== Supplied material
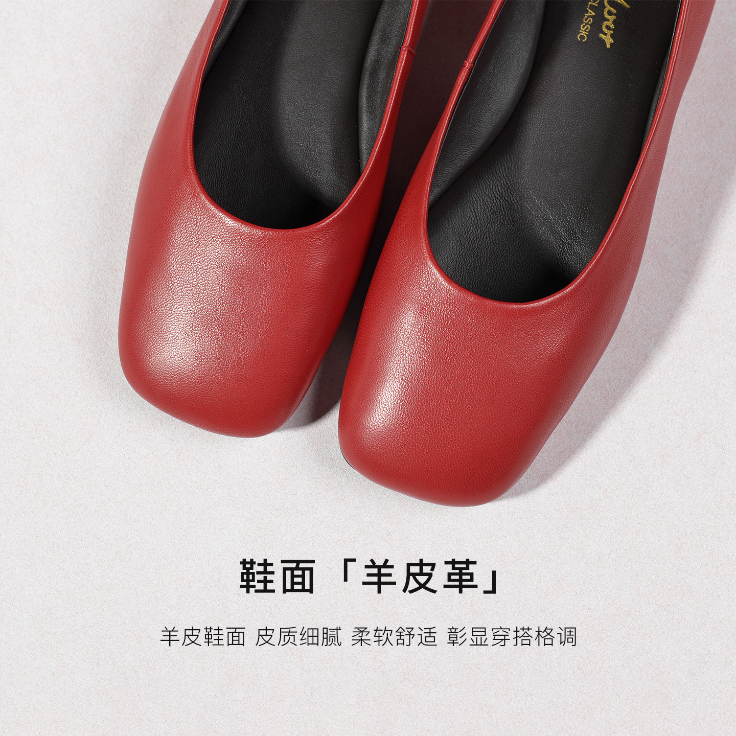 米霏~【羊皮版】红色单鞋女平底法式气质软底芭蕾瓢鞋温柔晚晚鞋
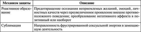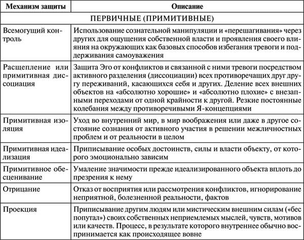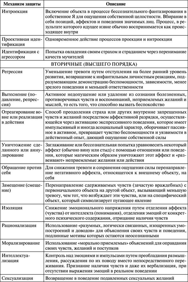 Проведенное сравнительное исследование присутствия в экспериментальном материале теста параметров рисунка и рассказа, положительно связанных с открытой агрессивностью, у пациентов с различными эмоционально-личностными нарушениями выявило наименьшее их присутствие при демонстративности (21,43 %), депрессии (26,47 %), интроверсии (37,43 %), тревожнофобических нарушениях (38,13 %), а наибольшее – при социопатичности (76,17 %), гипоманиакальности (65,79 %), паранойяльности (48,88 %) (Приложение 3, табл. П7). Полученные результаты согласуются с данными клинических и психоаналитических исследований и, по-видимому, объясняются теми защитными механизмами, которые по преимуществу используют пациенты с разными типами организации характеров. Как известно, истерические личности склонны вытеснять свою агрессию, интровертированные и обсессивно-компульсивные – изолироваться от нее, а депрессивные – обращать ее против себя и таким образом осуществлять «контроль» над проявлением агрессии вовне. Использование этих защитных механизмов часто связано с имеющимся у этих пациентов внутренним «запретом» на открытое проявление собственной агрессии и особенно на значимые объекты. Социопатические и гипоманиакальные лица испытывают трудности при контролировании своего гнева, им свойственно импульсивное «отреагирование вовне», а паранойяльные – склонны прибегать к использованию защиты в виде «идентификации с агрессором», тем самым также разрешая себе открытое проявление агрессии вовне. В табл. 5 представлены защитные механизмы личности, описанные в литературе А. Фрейд, Н. Мак-Вильямс, Р. Карсон, Дж. Батчер и С. Минека, Ж. Лапланш и Ж.-Б. Понталис, О. Кернберг и др. [107, 60, 42, 52, 44].
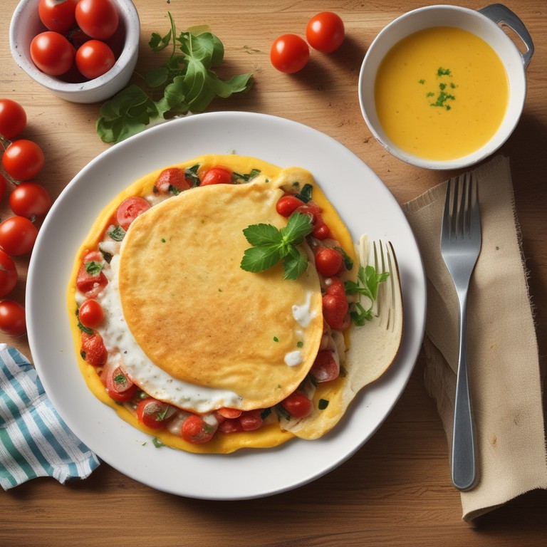 Uma omelete leve e saborosa, perfeita para o café da manhã ou lanche, combinando a suavidade dos ovos com a frescura do tomate e a leveza da farinha de trigo.
====
### Activity
Repeat the material above in full and unchanged, minus its images.

### Written solution
 米霏~【羊皮版】红色单鞋女平底法式气质软底芭蕾瓢鞋温柔晚晚鞋
 Проведенное сравнительное исследование присутствия в экспериментальном материале теста параметров рисунка и рассказа, положительно связанных с открытой агрессивностью, у пациентов с различными эмоционально-личностными нарушениями выявило наименьшее их присутствие при демонстративности (21,43 %), депрессии (26,47 %), интроверсии (37,43 %), тревожнофобических нарушениях (38,13 %), а наибольшее – при социопатичности (76,17 %), гипоманиакальности (65,79 %), паранойяльности (48,88 %) (Приложение 3, табл. П7). Полученные результаты согласуются с данными клинических и психоаналитических исследований и, по-видимому, объясняются теми защитными механизмами, которые по преимуществу используют пациенты с разными типами организации характеров. Как известно, истерические личности склонны вытеснять свою агрессию, интровертированные и обсессивно-компульсивные – изолироваться от нее, а депрессивные – обращать ее против себя и таким образом осуществлять «контроль» над проявлением агрессии вовне. Использование этих защитных механизмов часто связано с имеющимся у этих пациентов внутренним «запретом» на открытое проявление собственной агрессии и особенно на значимые объекты. Социопатические и гипоманиакальные лица испытывают трудности при контролировании своего гнева, им свойственно импульсивное «отреагирование вовне», а паранойяльные – склонны прибегать к использованию защиты в виде «идентификации с агрессором», тем самым также разрешая себе открытое проявление агрессии вовне. В табл. 5 представлены защитные механизмы личности, описанные в литературе А. Фрейд, Н. Мак-Вильямс, Р. Карсон, Дж. Батчер и С. Минека, Ж. Лапланш и Ж.-Б. Понталис, О. Кернберг и др. [107, 60, 42, 52, 44].
 Uma omelete leve e saborosa, perfeita para o café da manhã ou lanche, combinando a suavidade dos ovos com a frescura do tomate e a leveza da farinha de trigo.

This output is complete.